С этими последними словами барон и полковник расстались.
Пока это происходило, молодая женщина, щедро расплатившись с кучером, к великому его удовольствию, пошла в залу, где она тревожно осмотрела все уголки и не нашла, кого искала.
Подозрение как молния промелькнуло в ее мыслях, но почти тотчас не несправедливость, а невозможность измены, по крайней мере в эту минуту успокоила ее и она с радостью и с улыбкой села в уединенном углу залы.
Только что она села, как дверь отворилась и вошел барон. Тревога на его лице, его очевидное беспокойство окончательно успокоили молодую девушку, которая не могла не улыбнуться своим подозрениям.
— Где это вы были, милая Анна? — сказал барон, как только приметил молодую женщину. — Я ищу вас Бог знает сколько времени и не могу найти.
— Извините меня, Фриц. Кучер задержал меня долее, чем я думала, но теперь все кончено, слава Богу, и я свободна так же, как и вы.
— Дай Бог, чтобы мы долго оставались свободными, Анна! — прошептал он со вздохом.
— Что вы хотите сказать, Фридрих? Вы тревожите меня.
— Ничего, милая Анна, но я встретил здесь прусских офицеров и признаюсь, что пока не сяду в вагон, я не стану считать себя в безопасности.
— Но теперь нам нечего бояться.
— Дай Бог, милый друг, но повторяю вам, не знаю, почему я неспокоен.
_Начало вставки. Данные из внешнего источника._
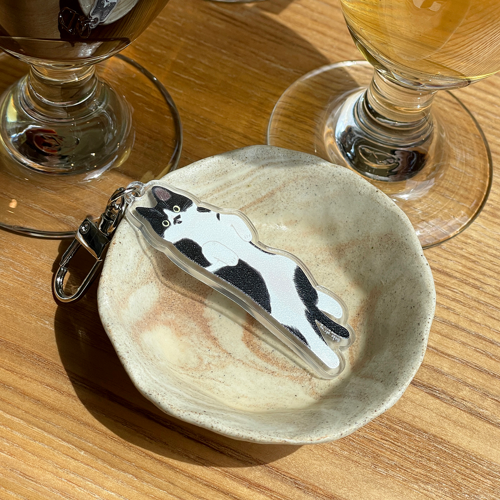 A clear acrylic cat keychain that brings a little joy wherever you go.
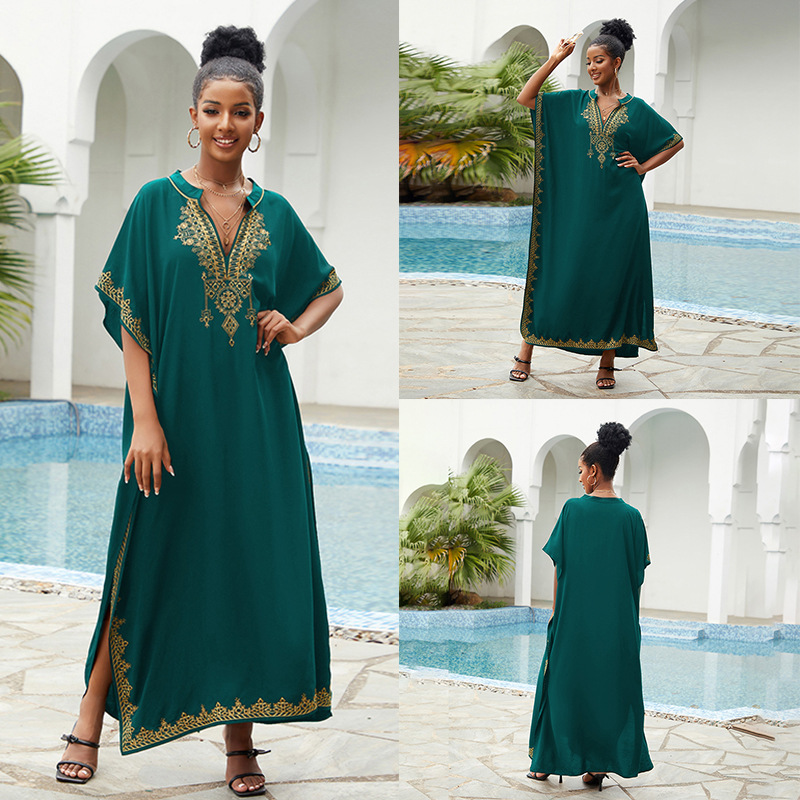 国境を越えた欧米人綿刺繍ビーチワンピースゆるい長衣刺繍ビキニ水着外着ブラウス日焼け止め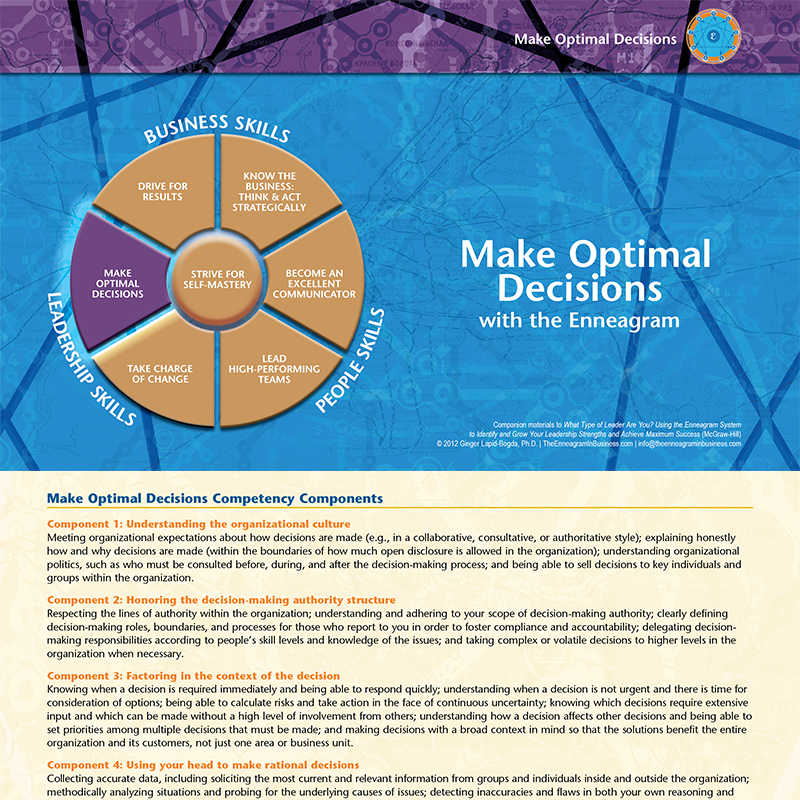 Assess your ability to Make Optimal Decisions, learn the productive and unproductive uses of the Head, Heart, and Gut, and engage in three development activities to enhance your decision-making capability.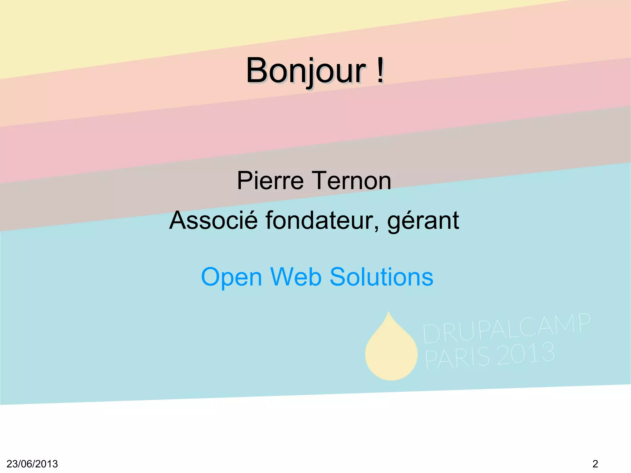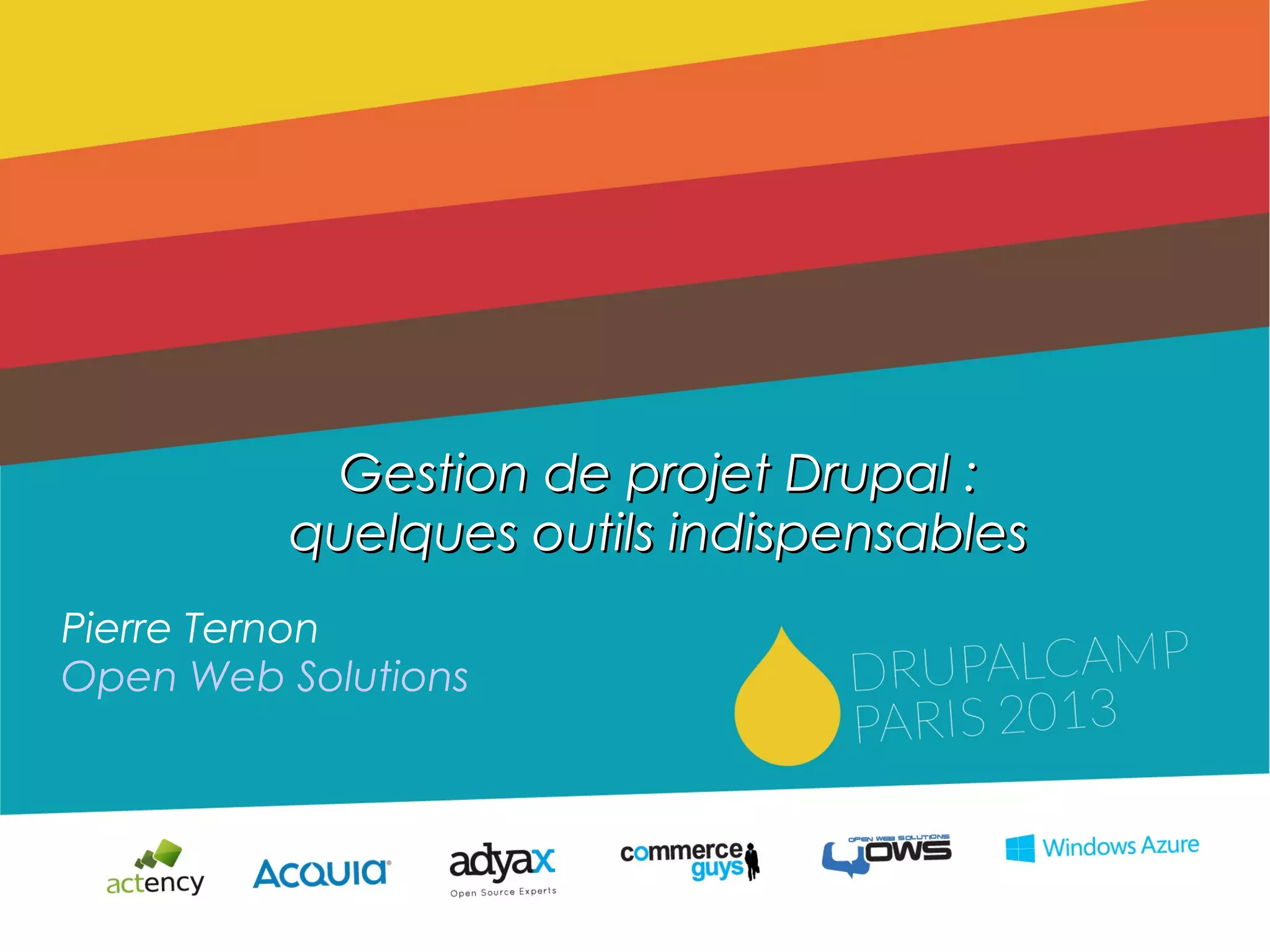 Le document présente des outils essentiels pour la gestion de projet Drupal, en mettant l'accent sur des éléments comme Redmine pour la gestion documentaire, le versionnement avec Git, et l'utilisation de Drush pour automatiser certaines tâches. Il aborde la communication en ligne via IRC et l'importance des tests avec Selenium, ainsi que la montée en charge avec Tsung. Des recommandations sur le déploiement sont également fournies, soulignant l'intégration continue et la documentation des processus.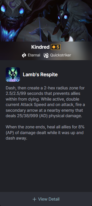 Lao tới, rồi tạo một vùng bán kính 2 ô tồn tại trong 2.5/2.5/99 giây, ngăn đồng minh bên trong khỏi bị hạ gục. Trong thời gian hiệu lực, nhân đôi Tốc độ Đánh hiện tại và khi tấn công sẽ bắn thêm một mũi tên phụ vào một kẻ địch gần đó, gây 25/38/999 (STVL) sát thương vật lý. Khi vùng biến mất, hồi máu cho tất cả đồng minh bằng 8% (SMPT) lượng sát thương đã gây ra trong lúc vùng tồn tại rồi lướt ra xa.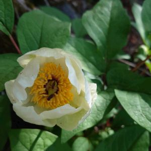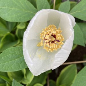 〜ヤマシャクヤク〜 昨年咲いていた所に今年も咲いていました(寺院の境内) そこだけぱっと明るく見えました 黄緑色の瑞々しい葉っぱと黄色い雄蕊が目立つ爽やかな白い花 花の形状から"白雪姫の花"と呼ばれているそうです 清楚で美しい花です ボタン科ボタン属 花言葉「高潔」「清らかな愛情」 実になってからも楽しめる花です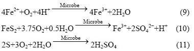 FeS2+14Fe3++8H2O→15Fe2++2SO42-+16H+ (7)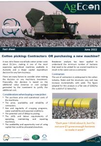A new John Deere round bale cotton picker costs about $1.3m+, making it one of the most expensive agricultural machines available in Australia and a major capital expenditure decision for any farm business. This fact sheet examines the economics behind the decision-making.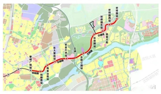 黎明廣場(chǎng)(既有車(chē)站)、新惠街、新寧街、東大營(yíng)街、農(nóng)業(yè)大學(xué)、東三環(huán)、東陵公園、中水街、伯官大街、世博園、世博園東。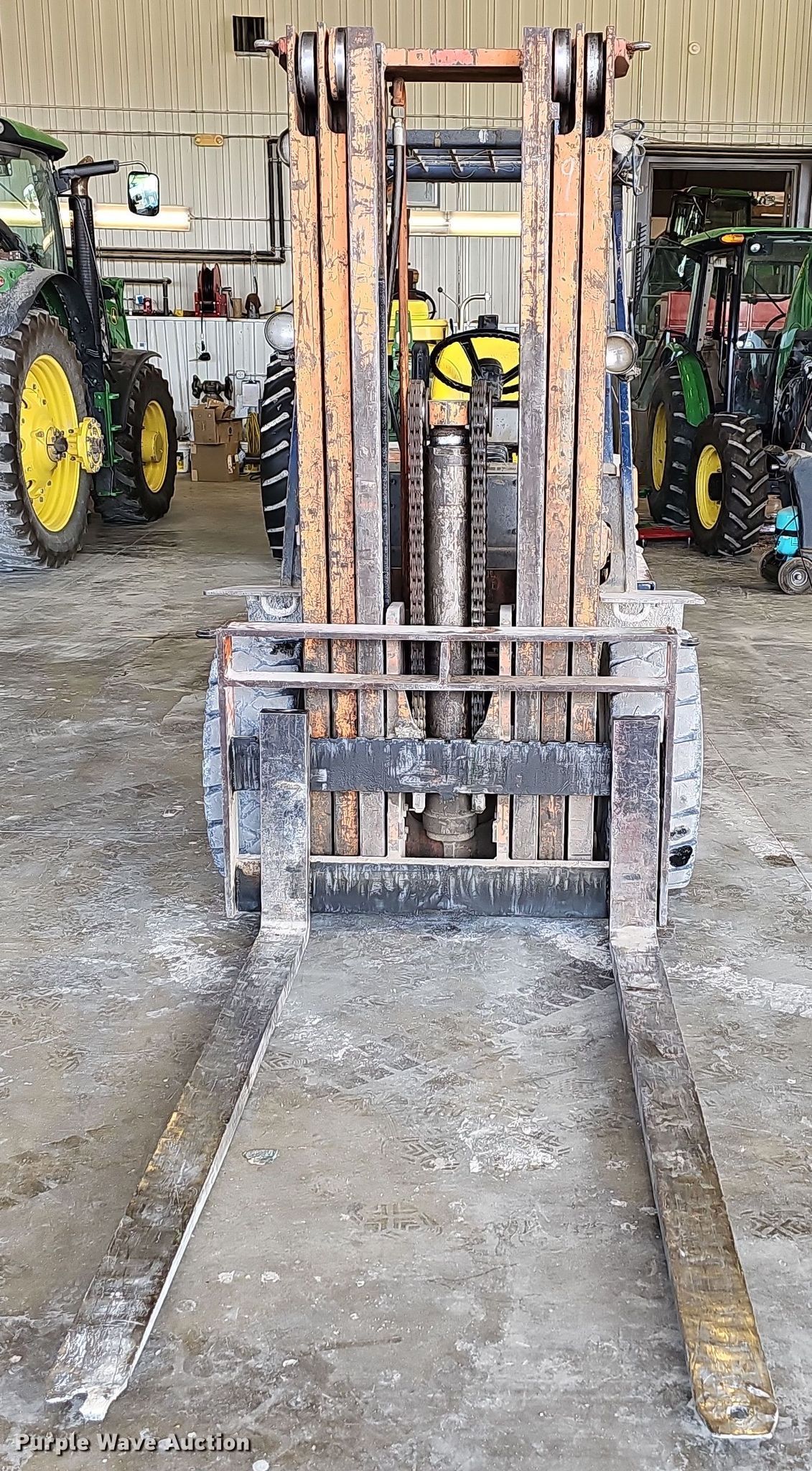 Toyota 02-5FD45 forklift. Hours: 8,196 on meter, Serial: 5FD45-15532. Engine Toyota , Cylinders: 6, Fuel type: Gas. Transmission Powershift, 2F - 1R. Operators station Canopy. Features Maximum lift capacity: 9,300 lbs, Maximum lift height: 185", Mast stages: 3, Mast tilt, Fork length: 72". Tires Front: 355/65-15, Rear: 7.00-12, Solid. Heritage Tractor. 208 State Rd A. Lockwood, MO 65682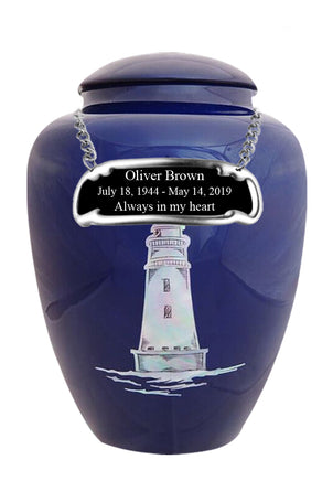 The Shell Art series - Lighthouse Cremation urn is made from fiberglass with Mother of Pearl inlaid Lighthouse. It has got the perfect lacquer coat to preserve its brilliance. It comes with a top opening with a secured lid. The Blue finish with Inlaid Mother of Pearl Filler are uniquely handcrafted for each urn to show beautiful detail giving the FUNERAL URN a unique look to each finished product.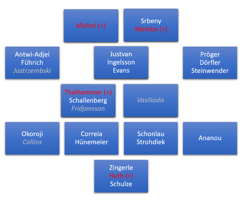 Die aktuellen Langzeitverletzten Michel, Mamba, Thalhammer und Huth schneiden schon eine ganz schöne Schneise durch unseren Kader, daher sind Wechsel am letzten Spieltag durchaus wahrscheinlich. Vor allem, weil Vasi nach wie vor Probleme mit seinem Sprunggelenk hat und jederzeit ausfallen kann. Dazu standen bei ihm, sowie Jamilu Collins Wechselabsichten auf dem Zettel geschrieben. Auch wenn bei ihnen ein Wechsel unwahrscheinlicher wird.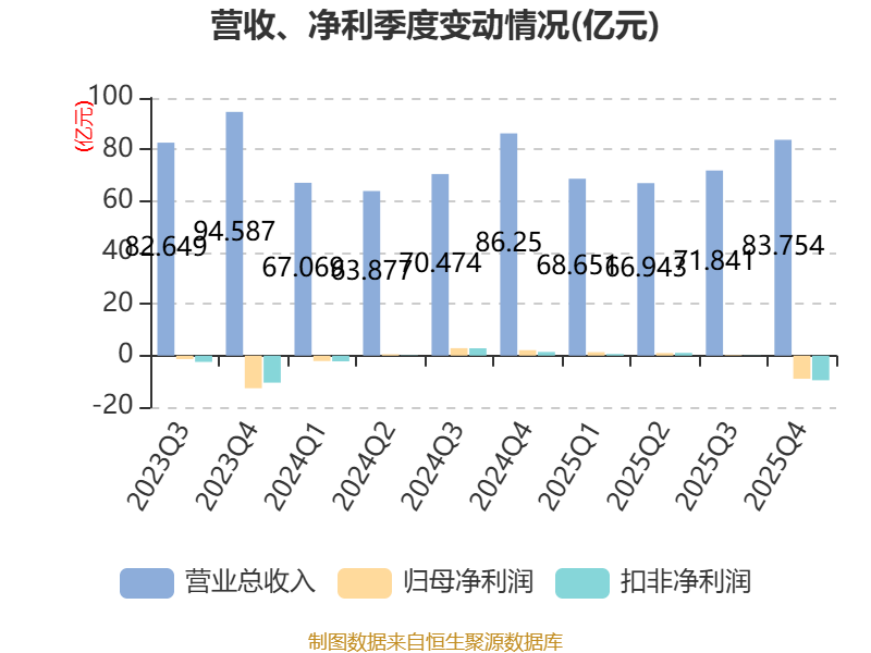 中证智能财讯大北农(002385)4月24日披露2025年年度报告。2025年,公司实现营业总收入291.19亿元,同比增长1.22%;归母净利润亏损6.42亿元,上年同期盈利3.46亿元;扣非净利润亏损7.76亿元,上年同期盈利2.21亿元;经营活动产生的现金流量净额为8.29亿元,同比下降66.62%;报告期内,大北农基本每股收益为-0.15元,加权平均净资产收益率为-7.85%。
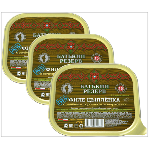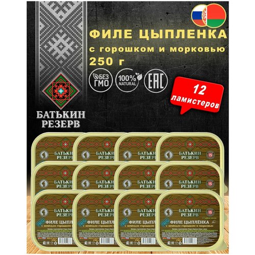 Филе цыпленка с горошком и морковью, Батькин резерв, ТУ, ламистер, 12 шт. по 250 г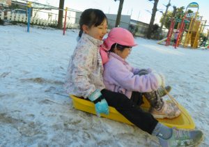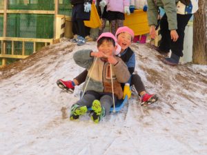 年少・年中組がしていたそり遊び。土が増えた泥山から、そりに乗って勢いよく滑り降りるのが大人気で、たいよう組も何度も繰り返し楽しみました。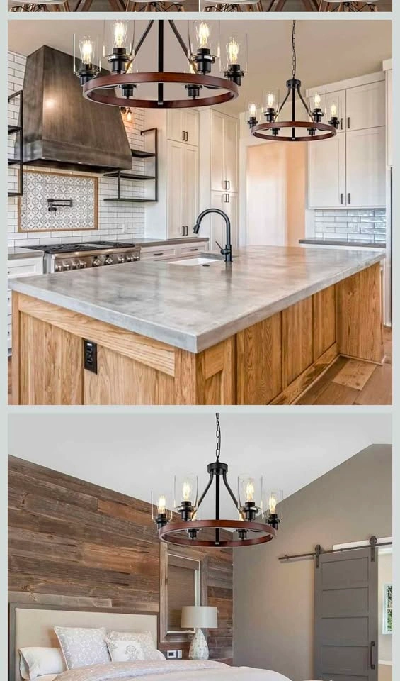 【Rustic Farmhouse Design】The 6-light farmhouselight fixture comes in a wagon wheel-inspired round frame with wood grain finish and transparent glass shades, showing a strong farmhouse country style. Perfect as ceiling hanging light fixtures for dining room, kitchen, living room, bedroom, foyers, entryway or any space you like.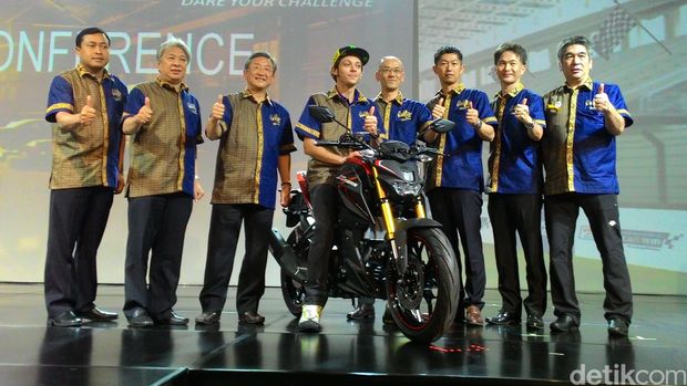 "Hari ini merupakan sebuah kehormatan dan saat yang sangat membahagiakan untuk mengenalkan produk baru Yamaha Xabre bersama Valentino Rossi," kata Presiden Direktur Yamaha Indonesia Minoru Morimoto dalam sambutannya di The Mulia Resort & Villas, Nusa Dua, Bali, Selasa (26/1/2016).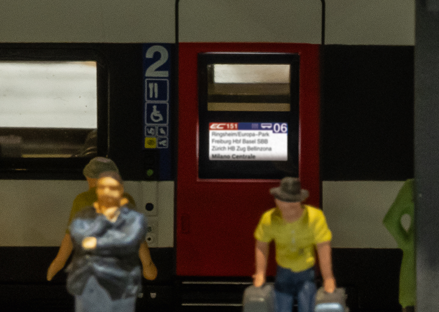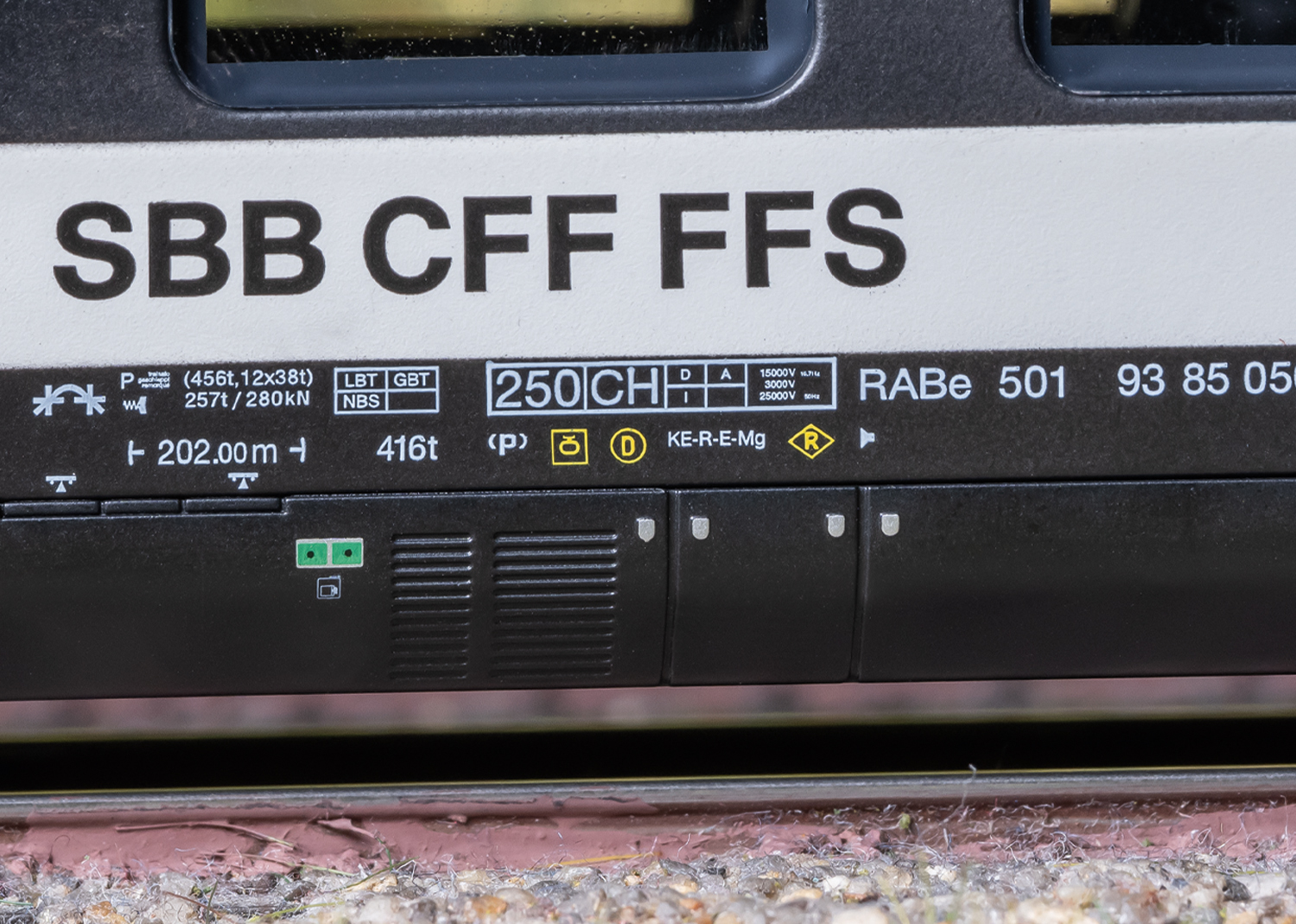 Voorbeeld: Elektrisch hogesnelheid treinstel EC 250 als RABe 501 'Giruno' van de Zwitserse Staatsspoorwegen (SBB). Eén stuurstandrijtuig A (Bt1), 2e klas. Eén tussenrijtuig F (B7), 2e klas, met instap geschikt voor minder valide reizigers en met pantograaf. Eén tussenrijtuig G (WR6), met restauratie afdeling. Één tussenrijtuig H (A5), 1e klas met instap geschikt voor minder valide reizigers en met pantograaf. Eén stuurstandrijtuig L (At2), 1e klas. Meer-systeem treinstel. Model van de EC 151, grensoverschrijdend treinstel voor het traject Frankfurt/Main - Freiburg - Basel - Zürich - Milano Centrale. Treinnummer RABe 501 022 met het wapen van het kanton Vaud. Model in de uitvoering omstreeks 2024.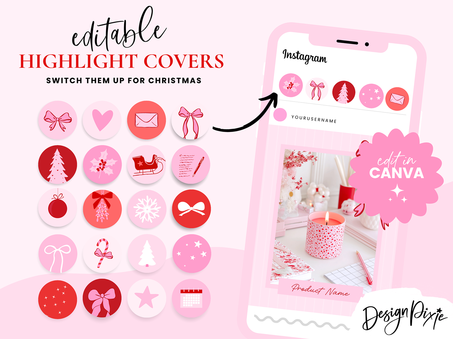 Make your feed sparkle this holiday season with our Pretty Christmas Instagram Content Bundle - designed in a girly, coquette style with soft pinks, festive reds, bows, and pretty Christmas details. Perfect for small business owners, influencers, and creatives who want to stand out with a pretty holiday look.

В ту минуту, когда барон произносил эти слова, дверь вдруг отворилась и вошло несколько прусских офицеров.
Эти офицеры бросили проницательный взгляд в залу, потом обменявшись несколькими словами тихим голосом, подошли к тому месту, где сидели в стороне барон и молодая женщина.
— Это что значит? — прошептала Анна Сивере, вся дрожа.
Барон побледнел. Чувство его дурного поступка, несмотря на его природную развращенность, болезненно сжимало его сердце. Он понял, наконец, всю гнусность своего поведения и какой черной неблагодарностью платил он за столь чистую и столь полную преданность молодой женщины. Но теперь было уже слишком поздно для этих размышлений. Жребий был брошен. Барон вступил на путь, где каждый взгляд назад становился для него невозможен. Он сделал усилие над собой и бесстрастно ждал, что будет.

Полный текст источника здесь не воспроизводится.